В. Ф. поднимает обе руки, изображая беспомощность.

— Я не пророк… Будущая Россия представляется мне страною деятельной, мускулистой, несколько американского типа, и очень религиозной — но уже не в американском духе. В общем, ощущение мое скорее оптимистическое… скромно-оптимистическое. А вот в чем я категорически уверен — так это в том, что эстетизм вовсе исчезнет, ему места не будет — так же, как всяким половым вопросам. И то, и другое появляется при гниении общества, в упадочные эпохи. Надо думать, что будущим русским людям некогда будет этим заниматься. Жизненная, здоровая стихия поглотит и то, и другое.

Я пытаюсь уточнить свой вопрос: русская поэзия рисуется мне в гоголевском определении — происшедшей от восторга.

— Конечно, поэзия и есть восторг, — подтверждает В. Ф. — Верится, что восторг никогда не иссякнет. Здесь же у нас восторга мало, потому что нет действия. Молодая эмигрантская поэзия все жалуется на скуку — это потому, что она не дома, живет в чужом месте и отчасти как бы в чужом времени.
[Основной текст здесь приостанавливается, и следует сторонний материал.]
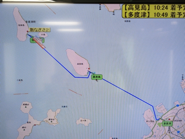 佐柳島には多度津港よりアクセス。港を出航した船は、高見島へ立ち寄り。その後、佐柳島へと寄港します。
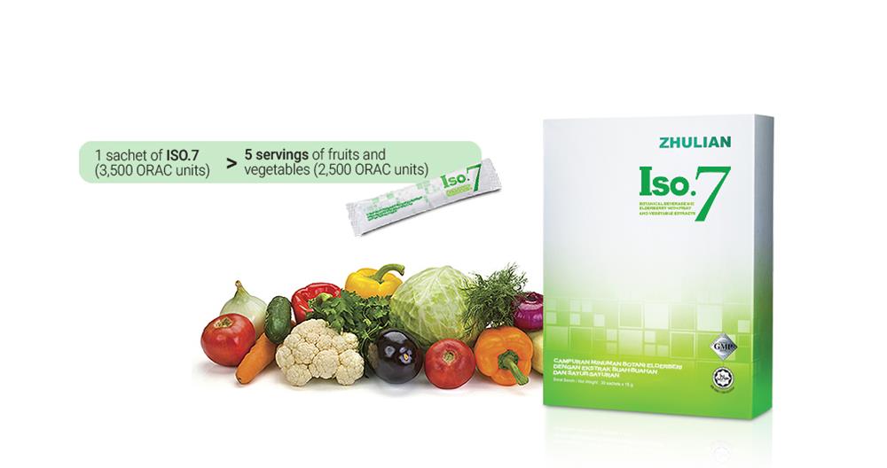 - Each sachet of ISO.7 supplies approximately 3,500 mole TE/g or ORAC value of antioxidants to curb harmful effects of free radicals,

В разговоре каждый проводит свою линию, и я требую, по гоголевскому словарю: — Что же может стать «предметом» русской поэзии? Не считаете ли вы, что после символизма стало дозволено говорить простым языком о[б] иных реальностях? То есть, не стоим ли мы перед новым духовным реализмом?

В. Ф. отвечает:

— Символизм и есть истинный реализм. И Андрей Белый, и Блок говорили о ведомой им стихии. Несомненно, если мы сегодня научились говорить о нереальных реальностях, самых реальных в действительности, то благодаря символистам.

В. Ф. склоняется и ловит черного котенка с зеленым галстуком («с бантиком» сказать нельзя: вас поправят — он мальчик и бантиков не носит). Смотрит на него с большим одобрением.

— Мой не хуже, чем у Куприна… Вы того хвалили… Правда, мой еще начинающий, но перед ним будущность.

Я вижу, ему хочется, чтобы я согласилась, что кот неслыханно хорош…

Возрождение. 1931, 22 января

Дмитрий Мережковский [2]В. Ф. Ходасевич

«Последний же враг истребится — смерть». Если бы этого обещания не было, то как могли бы люди жить в тесноте смерти? И как могла бы первая весть о смерти человека, чьи глаза мы помним, чей голос мы слышали, казаться чем-то невероятным, невозможным, противоестественным?

Мы знали, что Ходасевич отчаянно болен; близкие давно не надеялись на его выздоровление. Но к смерти человека нельзя подготовиться, сколько бы мы ее не ожидали.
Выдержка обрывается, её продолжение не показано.